Task requirements: Every line from the one with "Canon PowerShot A590 IS 5,8-23,2mm" up to and including the one with "Gubernur DKI Jakarta, Basuki" is to be output exactly as it appears below; pictures are not.

- - - -

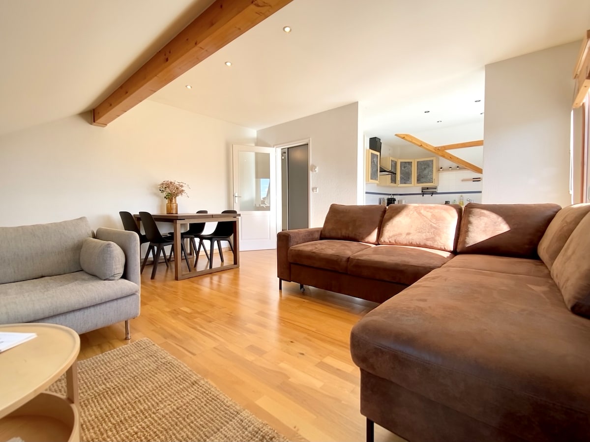 Bienvenue dans ce charmant appartement lumineux de 80 m2 situé à 2 minutes à pieds de la gare de Nyon. L’emplacement offre une accessibilité optimale , vous pourrez rejoindre en train Genève en 20' et Lausanne en 30'. Que vous soyez en vacances ou en déplacement professionnel, l'appartement est l'endroit idéal pour vous sentir chez vous, grâce son ambiance chaleureuse et accueillante. Vous trouverez tout le confort nécessaire. Le quartier offre une multitude de commodités à proximité.
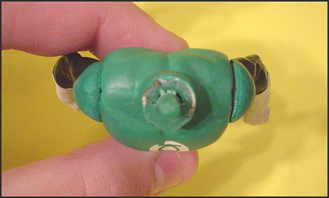 This Green Lantern prototype is entirely hand painted, giving it at great appearance. The arms and legs are fixed in this pose due to the hand application of the paint. Viewers may notice I've labelled this piece as a "hand painted sample", although I've housed it amongst the protomolded (internal first shot) figures. It's related to many of the other protomolded figures and paint masters featured on the site by sharing the same ex-Kenner source origin, which is why I've placed it in this category. This piece is incredible since it features parts from various stages of the production process; the reason pigeon holing it into a single category is difficult as you will soon see.
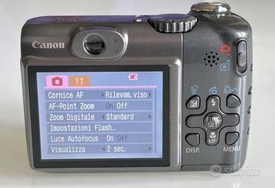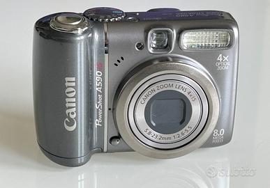 Canon PowerShot A590 IS 5,8-23,2mm f/2,6-5,5 (35-140mm equiv.) 8.0 megapixel in buone condizioni estetiche, piccoli segni di utilizzo / lente nitida, senza graffi completamente funzionante Specifications: Brand: Canon Model: Canon PowerShot A590 IS Tipo: Camera Digitale Formati file: JPEG Risoluzione: 8,0 megapixel Obiettivo: 5,8-23,2mm f/2,6-5,5 (35-140mm equiv.) Zoom: 4x Min. distanza fuoco: 0.05 metri Sensibilità ISO: 80 - 1600 Tempi di scatto: 15" - 1/2000 Memoria: SD / SDHC card Batteria: 2 x AA Peso: 225 g Dimensioni: 94 x 65 x 41 mm
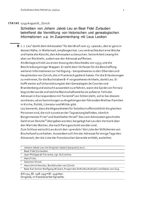 Schreiben von Johann Jakob Leu an Beat Fidel Zurlauben betreffend die Vermittlung von historischen und genealogischen Informationen u.a. in Zusammenhang mit dem Lexikon von Leu
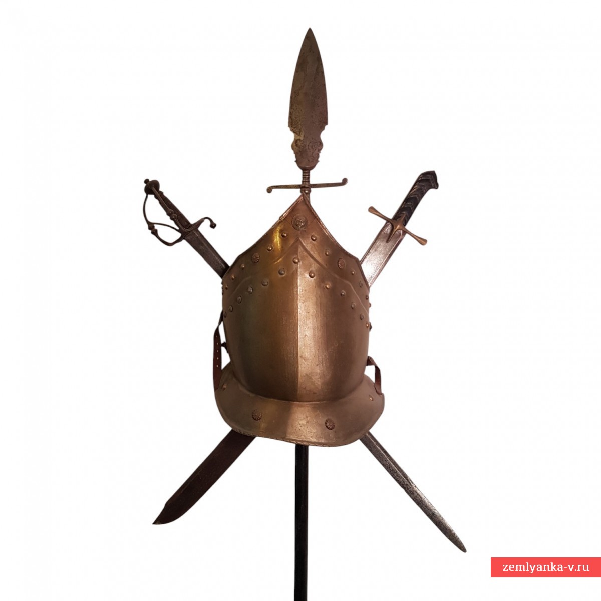 Достаточно интересная и достаточно легкая кираса в хорошем состоянии. Латунь, ковка. По нашему мнению, кираса изготовлена в XIX веке для декорирования интерьеров, прекрасно будет смотреться с перекрещенными саблями и шпагами на стене (пример оформления на последнем фото). Гарантия подлинности.
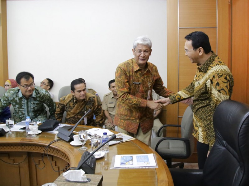 Gubernur DKI Jakarta, Basuki Tjahaja Purnama menerima Kepala LKPP, Agus Prabowo dan Tim Technical Assistance dari Asian Development Bank (ADB) di Balai Kota DKI Jakarta, Selasa (29/12/2015). Dalam pertemuan tersebut Basuki menerima penyampaian terkait hasil bantuan teknis TA-6445 pada Dinas Bina Marga Provinsi DKI Jakarta serta praktek langsung cara penggunaan sistem e-procurement ComCat (competitive catalog).(Foto: Yopie / Beritajakarta.com)
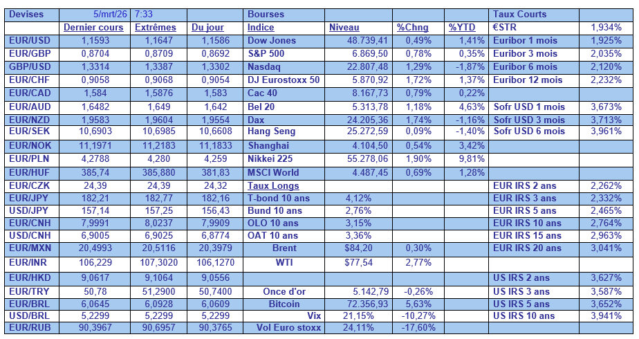 Les actions asiatiques se sont redressées ce matin, ce qui indique une reprise timide de l’appétit pour le risque, avec en particulier l’indice de la Corée du Sud qui a bondi de 10 % effaçant une partie de sa chute de début de semaine.
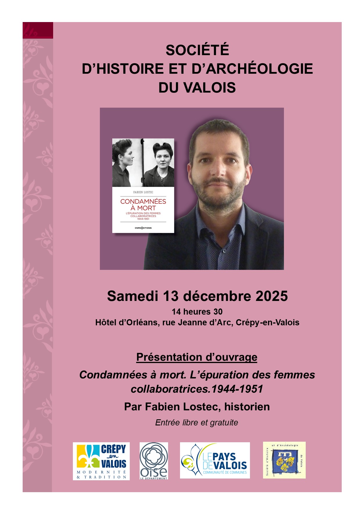 La SHAV propose le samedi 13 décembre à partir de 14h30 une rencontre avec l’historien Fabien Lostec. Auteur du très remarqué Condamnées à mort. L’épuration des femmes collaboratrices (1944-1951), Fabien Lostec est docteur en histoire contemporaine et chercheur à l’Université de Rennes. Il était déjà venu à Crépy-en-Valois dans le cadre des conférences de la SHAV en juin 2015. Nous sommes donc ravis de le retrouver pour la présentation de son livre qui a obtenu le Prix Valérien 2024 dans la catégorie « Enquête »
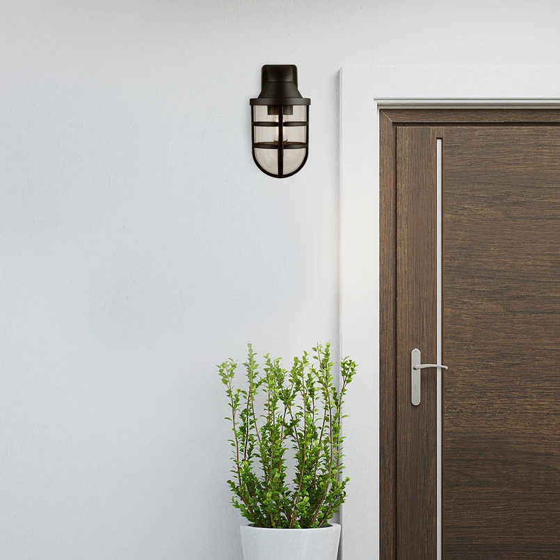 Outdoor wall light X Seaside in cage shape, IP44 The outdoor wall light X Seaside is a stylish and functional lighting solution that impresses with its cage design. It is made of polycarbonate and is protected against splashing water thanks to its IP code IP44. There is space for a candle-shaped E27 bulb (not included, see accessories) inside.
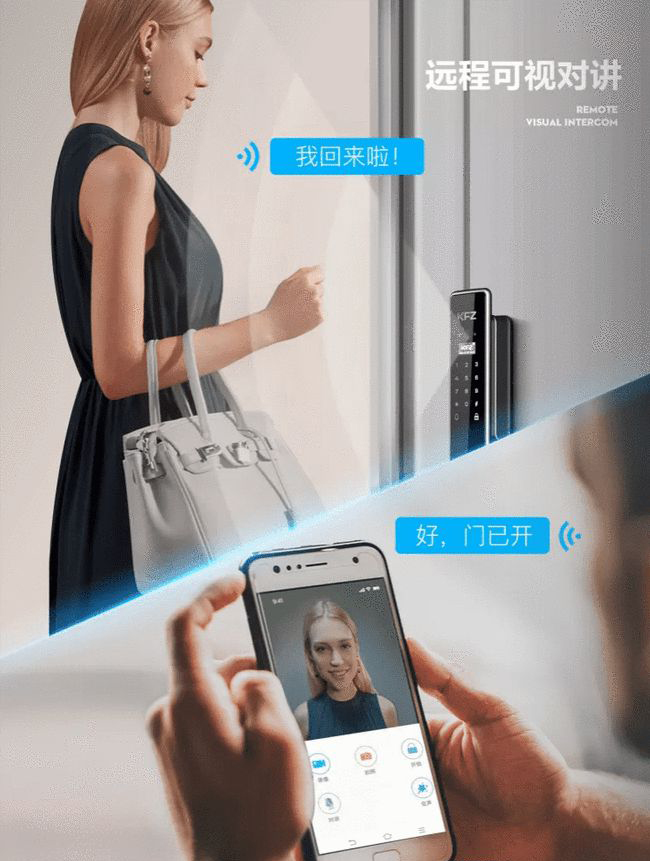 从行业现状来看,除了3D人脸识别锁之外,另一个发展比较迅速的产品就是视频锁。而KFZ智能锁发布另外一款K6009B,正是视频锁。

- - - -

Written solution:
 Canon PowerShot A590 IS 5,8-23,2mm f/2,6-5,5 (35-140mm equiv.) 8.0 megapixel in buone condizioni estetiche, piccoli segni di utilizzo / lente nitida, senza graffi completamente funzionante Specifications: Brand: Canon Model: Canon PowerShot A590 IS Tipo: Camera Digitale Formati file: JPEG Risoluzione: 8,0 megapixel Obiettivo: 5,8-23,2mm f/2,6-5,5 (35-140mm equiv.) Zoom: 4x Min. distanza fuoco: 0.05 metri Sensibilità ISO: 80 - 1600 Tempi di scatto: 15" - 1/2000 Memoria: SD / SDHC card Batteria: 2 x AA Peso: 225 g Dimensioni: 94 x 65 x 41 mm
 Schreiben von Johann Jakob Leu an Beat Fidel Zurlauben betreffend die Vermittlung von historischen und genealogischen Informationen u.a. in Zusammenhang mit dem Lexikon von Leu
 Достаточно интересная и достаточно легкая кираса в хорошем состоянии. Латунь, ковка. По нашему мнению, кираса изготовлена в XIX веке для декорирования интерьеров, прекрасно будет смотреться с перекрещенными саблями и шпагами на стене (пример оформления на последнем фото). Гарантия подлинности.
 Gubernur DKI Jakarta, Basuki Tjahaja Purnama menerima Kepala LKPP, Agus Prabowo dan Tim Technical Assistance dari Asian Development Bank (ADB) di Balai Kota DKI Jakarta, Selasa (29/12/2015). Dalam pertemuan tersebut Basuki menerima penyampaian terkait hasil bantuan teknis TA-6445 pada Dinas Bina Marga Provinsi DKI Jakarta serta praktek langsung cara penggunaan sistem e-procurement ComCat (competitive catalog).(Foto: Yopie / Beritajakarta.com)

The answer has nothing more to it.